Regulation of Electroconvulsive Therapy: A Systematic Review of US State Laws.

OBJECTIVES: The goal of this study was to systematically review current US state laws on electroconvulsive therapy (ECT) in order to provide a comprehensive resource to educate practitioners, potential patients, and lawmakers. METHODS: Individual state legislative Web sites were searched by 2 independent authors using the following search terms: "electroconvulsive therapy," "convulsive therapy," "electroconvulsant therapy," "electroshock therapy," and "shock therapy" from March 2017 to May 2017. All sections of state law pertaining to ECT were reviewed, and pertinent data regarding consent, age restrictions, treatment limitations, required reporting, defined qualified professionals, fees, and other information were extracted. RESULTS: State regulation on ECT widely varied from none to stringent requirements. There were 6 states without any laws pertaining to ECT. California, Illinois, Massachusetts, Missouri, New York, South Dakota, Tennessee, and Texas were noted to be the most regulatory on ECT. CONCLUSIONS: There are no US national laws on ECT leaving individual state governments to regulate treatment.
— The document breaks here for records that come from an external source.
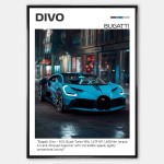 Plakat przedstawia Bugatti Divo w dynamicznym ujęciu, eksponując jego agresywne linie nadwozia, rozbudowane wloty powietrza oraz charakterystyczne tylne skrzydło. Divo symbolizuje perfekcję inżynieryjną, ekstremalną moc i nowoczesną estetykę hiperauta, które łączy sportową wydajność z elegancją.
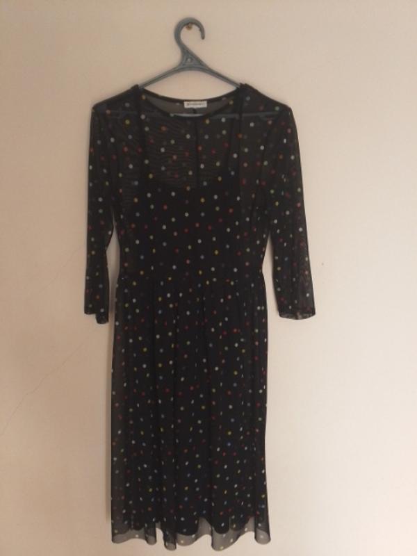 Фатиновое стильное платье в цветной горошек, с черным сарафаном
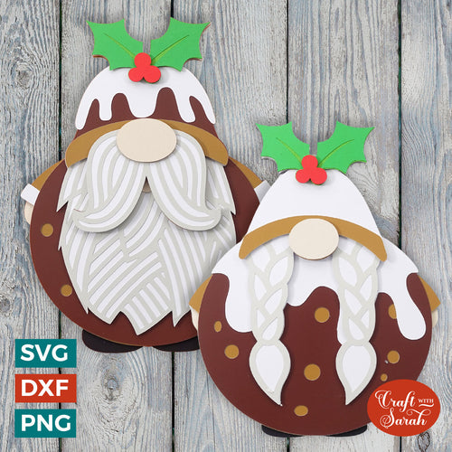Christmas Pudding Gnome SVGs | Festive Male & Female Gonk Cutting Files
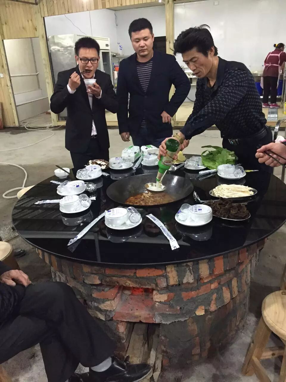 記者走進(jìn)這家店,只見有兩排磚頭砌成的土灶,旁邊堆滿了柴火,完全回歸到了兒時的感覺:很土。每張吃飯的桌子其實就是一個土灶,與灶臺相連接的是一口老鐵鍋,灶臺之下是一個柴火灶堂。灶堂可以燒柴也可以燒氣,整個灶臺密閉,現(xiàn)做過程見不到油煙。坐下來后開始點菜,點完菜廚師便開始現(xiàn)場制作,在土灶鐵鍋里放上純純的菜子油,將油煉出香味、滾燙時,將雞肉倒進(jìn)去爆炒。
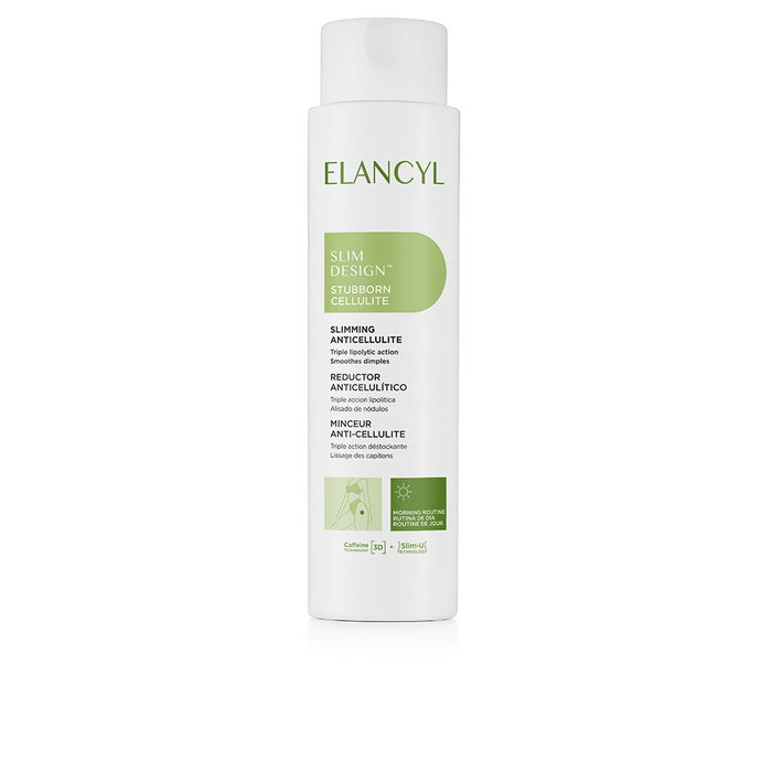Crème contre la cellulite ELANCYL SLIM DESIGN DAY par la marque ELANCYL. Ce soin antiselulite est spécialement conçu pour combattre les cellules graisseuses tenaces. Grâce à un complexe de caféine 3D, il agit sur trois éléments clés responsables de la formation de la cellulite : l'élimination, le drainage et la tonification. Son effet ultra-lissant est ressenti immédiatement, et des études montrent une efficacité constatée dès une semaine d'utilisation. Sa texture légère et sensorielle favorise un massage plus agréable et une absorption optimale. À ne pas utiliser durant la grossesse ou l'allaitement.
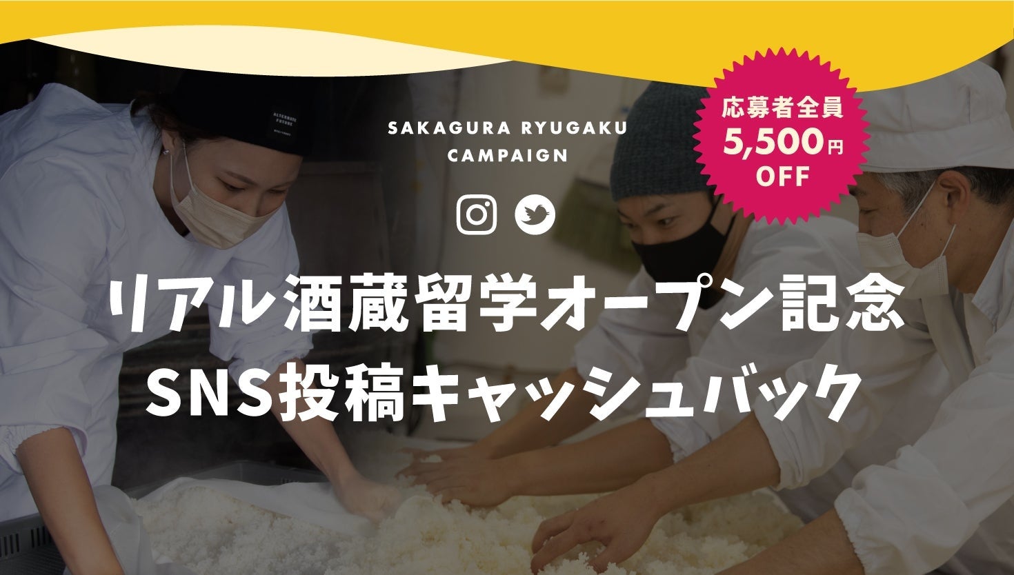 リアル酒蔵留学のオープン記念として、SNS投稿キャッシュバックキャンペーンも実施しております!
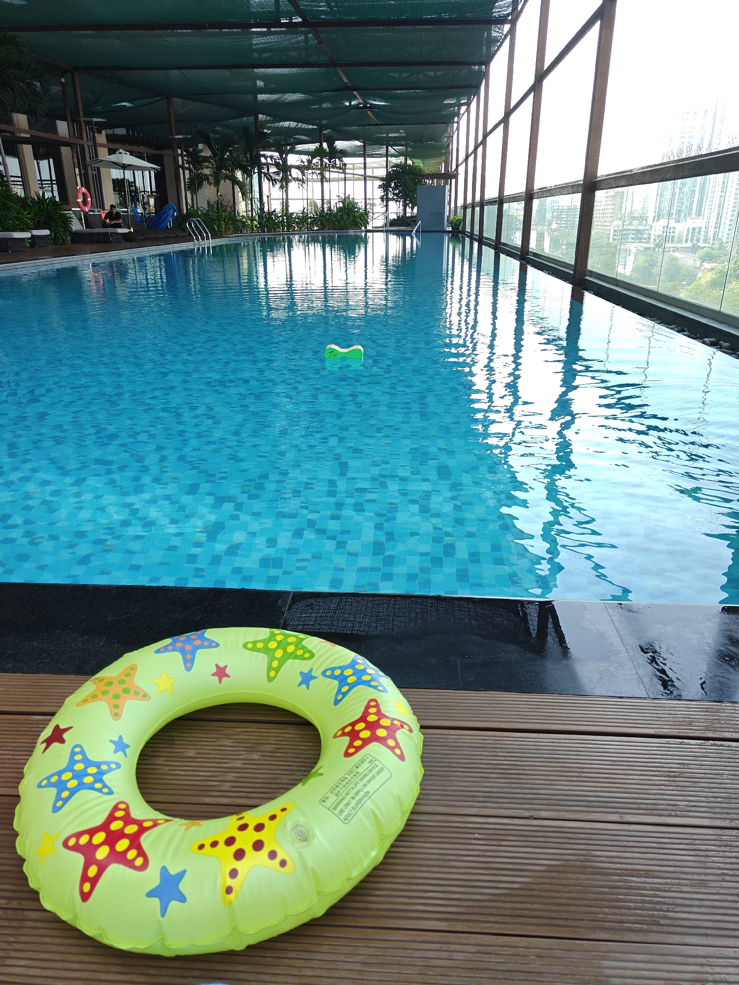 The image displays an elevated swimming pool facility located within the urban landscape of Mumbai, India. In the immediate foreground, a deflated, light-green inflatable swim ring, patterned with multi-colored starfish and small stars, rests on a wet, grooved wooden deck. The central feature is a large, rectangular swimming pool with light blue and dark blue square tiles lining its bottom. The water surface is rippled, reflecting ambient light and structural elements, and a small, light-green foam object floats near the center. The pool perimeter includes a dark, wet border. To the left side of the pool, a section featuring multiple lounge chairs, some with white cushions, is visible. One individual, wearing dark attire, is seated on a lounge chair, partially obscured. A white sun umbrella is open, and a red lifebuoy is mounted on a stand. Green potted plants and small palm trees are interspersed throughout this area, which is partially covered by a green mesh canopy supported by brown metal beams. To the right of the pool, a series of tall, vertical glass panels with brown framing overlook a dense cityscape composed of numerous high-rise buildings under a bright, hazy sky. Reflections of the urban environment are prominent on the pool's water surface.
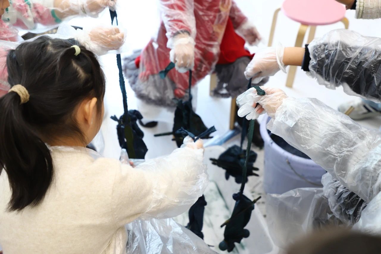 在每期的活動里,小朋友們在荻原公教老師的帶領(lǐng)下運用古老的植物染工藝,染出絢爛色彩,扎染出舒適而溫暖的枕頭和造型各異的小動物。

Whereas some states have detailed restrictions on use, other states have no regulation at all. This variation applies to multiple areas of ECT practice, including who can receive ECT, who can provide informed consent, who can prescribe or perform ECT, and what administrative requirements (eg, fees, reporting) must be met by ECT practitioners. Knowledge of these state laws will help providers not only to be aware of their own state's regulations, but also to have a general awareness of what other states mandate for better patient care and utilization of ECT.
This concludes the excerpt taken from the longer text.